• Work instructions:
The answer is the exact run of lines in the listing below from the line containing "Salomon Koninck created" up to and including the line containing "일본 야마구치시 야마구치현에", with pictures removed.

• Records for processing:
═══

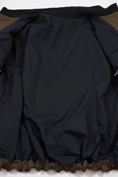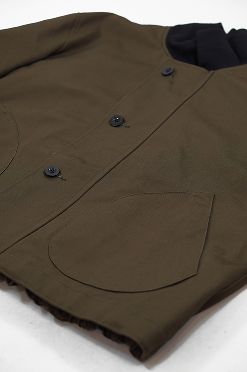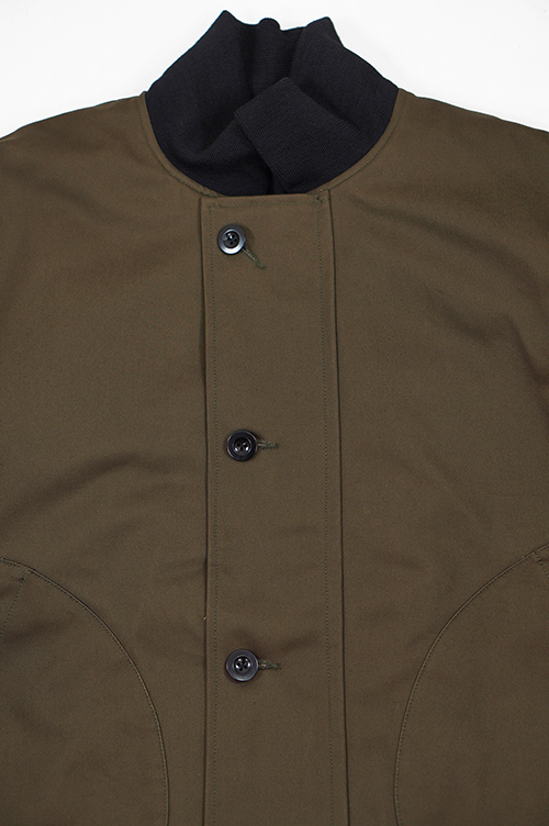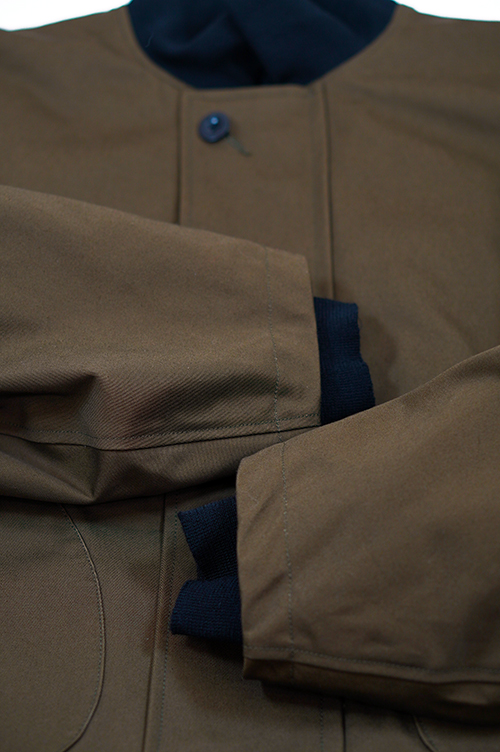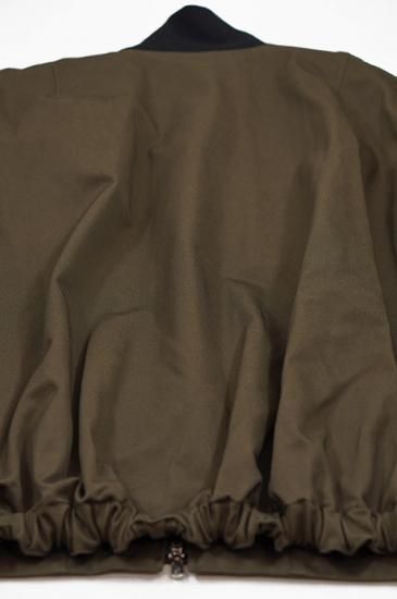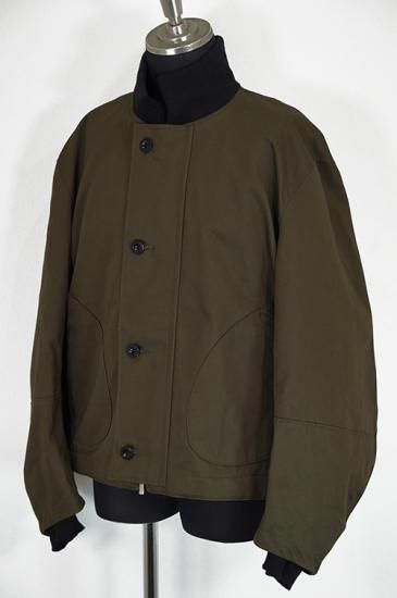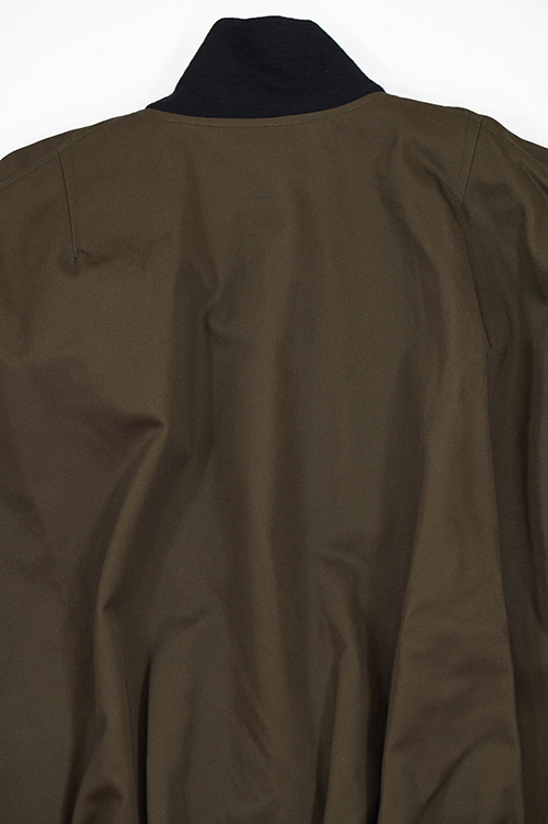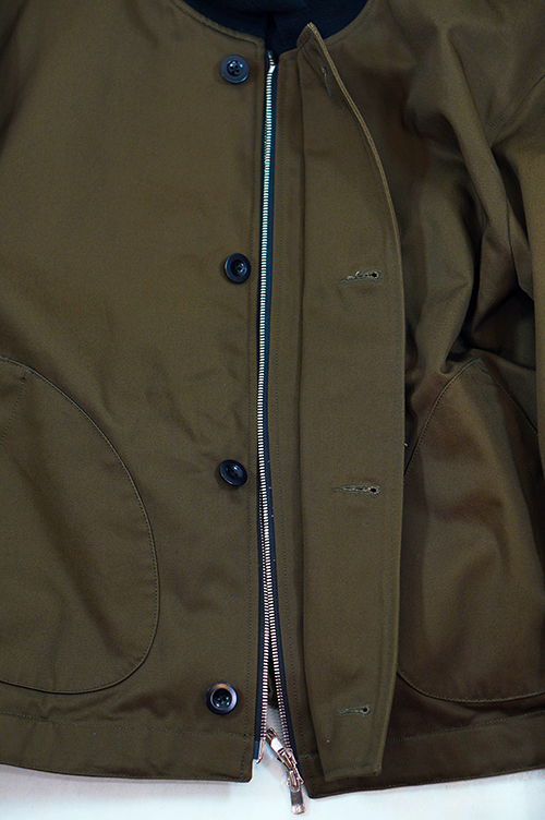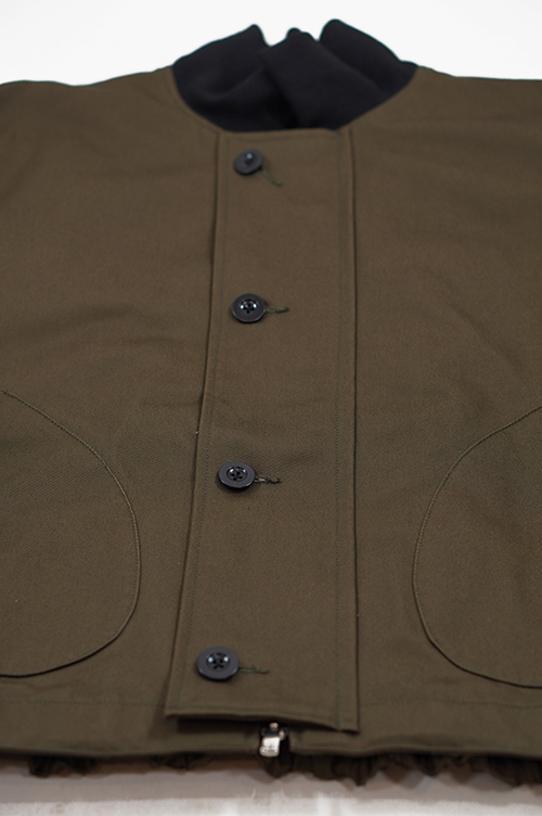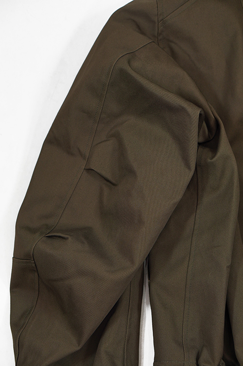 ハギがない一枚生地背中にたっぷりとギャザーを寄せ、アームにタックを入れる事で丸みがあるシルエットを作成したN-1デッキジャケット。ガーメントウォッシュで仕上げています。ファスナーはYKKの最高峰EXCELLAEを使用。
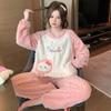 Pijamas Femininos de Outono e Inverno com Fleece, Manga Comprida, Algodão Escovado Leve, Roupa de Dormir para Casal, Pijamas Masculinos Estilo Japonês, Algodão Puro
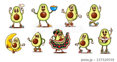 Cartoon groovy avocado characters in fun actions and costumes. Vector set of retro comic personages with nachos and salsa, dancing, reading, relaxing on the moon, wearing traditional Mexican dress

═══

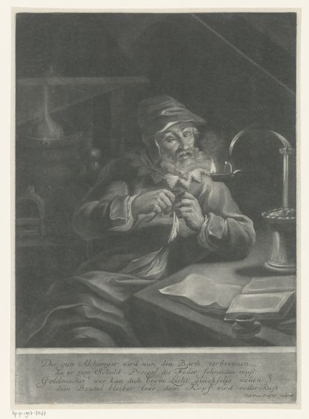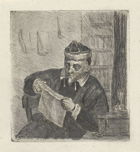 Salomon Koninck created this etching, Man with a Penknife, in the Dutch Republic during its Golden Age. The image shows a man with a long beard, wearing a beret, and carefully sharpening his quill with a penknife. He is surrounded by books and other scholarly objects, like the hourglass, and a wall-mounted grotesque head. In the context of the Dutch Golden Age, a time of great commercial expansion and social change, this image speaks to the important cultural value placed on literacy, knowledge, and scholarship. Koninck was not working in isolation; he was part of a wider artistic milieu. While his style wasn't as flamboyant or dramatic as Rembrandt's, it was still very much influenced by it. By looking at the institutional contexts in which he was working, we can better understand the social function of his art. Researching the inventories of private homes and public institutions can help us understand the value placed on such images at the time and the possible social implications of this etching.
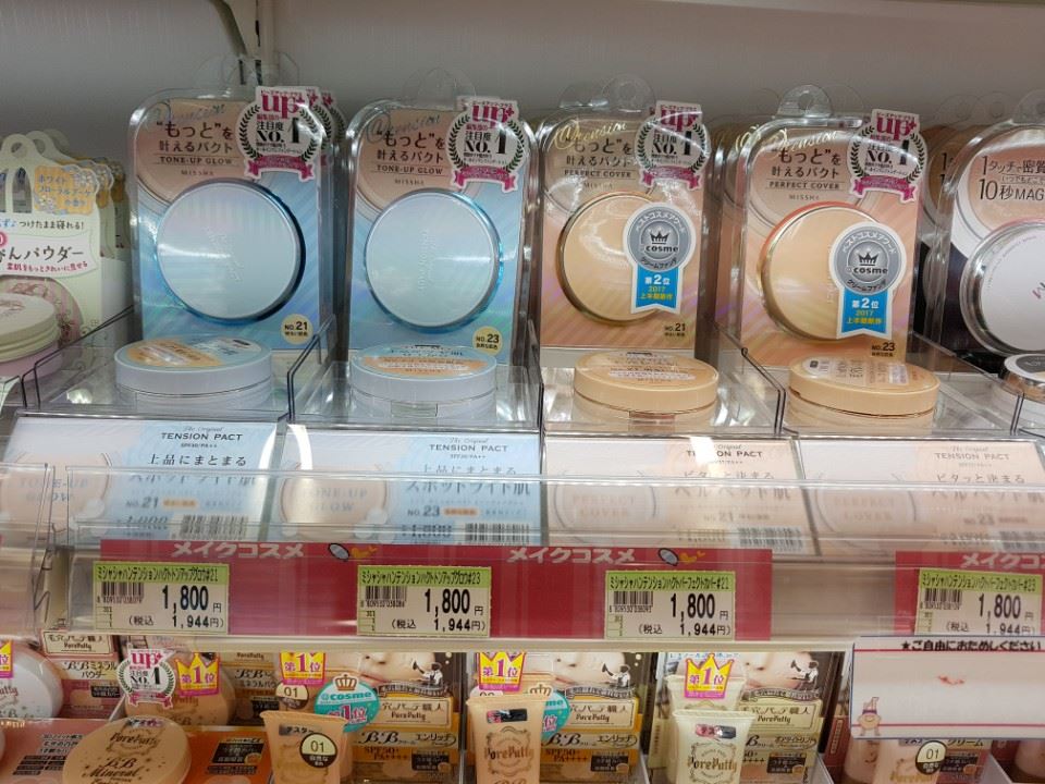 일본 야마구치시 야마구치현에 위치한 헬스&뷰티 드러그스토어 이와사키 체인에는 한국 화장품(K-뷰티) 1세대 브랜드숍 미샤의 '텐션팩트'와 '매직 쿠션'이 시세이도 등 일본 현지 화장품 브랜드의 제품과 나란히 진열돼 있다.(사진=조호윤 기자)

═══

• Exercise answer:
 Salomon Koninck created this etching, Man with a Penknife, in the Dutch Republic during its Golden Age. The image shows a man with a long beard, wearing a beret, and carefully sharpening his quill with a penknife. He is surrounded by books and other scholarly objects, like the hourglass, and a wall-mounted grotesque head. In the context of the Dutch Golden Age, a time of great commercial expansion and social change, this image speaks to the important cultural value placed on literacy, knowledge, and scholarship. Koninck was not working in isolation; he was part of a wider artistic milieu. While his style wasn't as flamboyant or dramatic as Rembrandt's, it was still very much influenced by it. By looking at the institutional contexts in which he was working, we can better understand the social function of his art. Researching the inventories of private homes and public institutions can help us understand the value placed on such images at the time and the possible social implications of this etching.
 일본 야마구치시 야마구치현에 위치한 헬스&뷰티 드러그스토어 이와사키 체인에는 한국 화장품(K-뷰티) 1세대 브랜드숍 미샤의 '텐션팩트'와 '매직 쿠션'이 시세이도 등 일본 현지 화장품 브랜드의 제품과 나란히 진열돼 있다.(사진=조호윤 기자)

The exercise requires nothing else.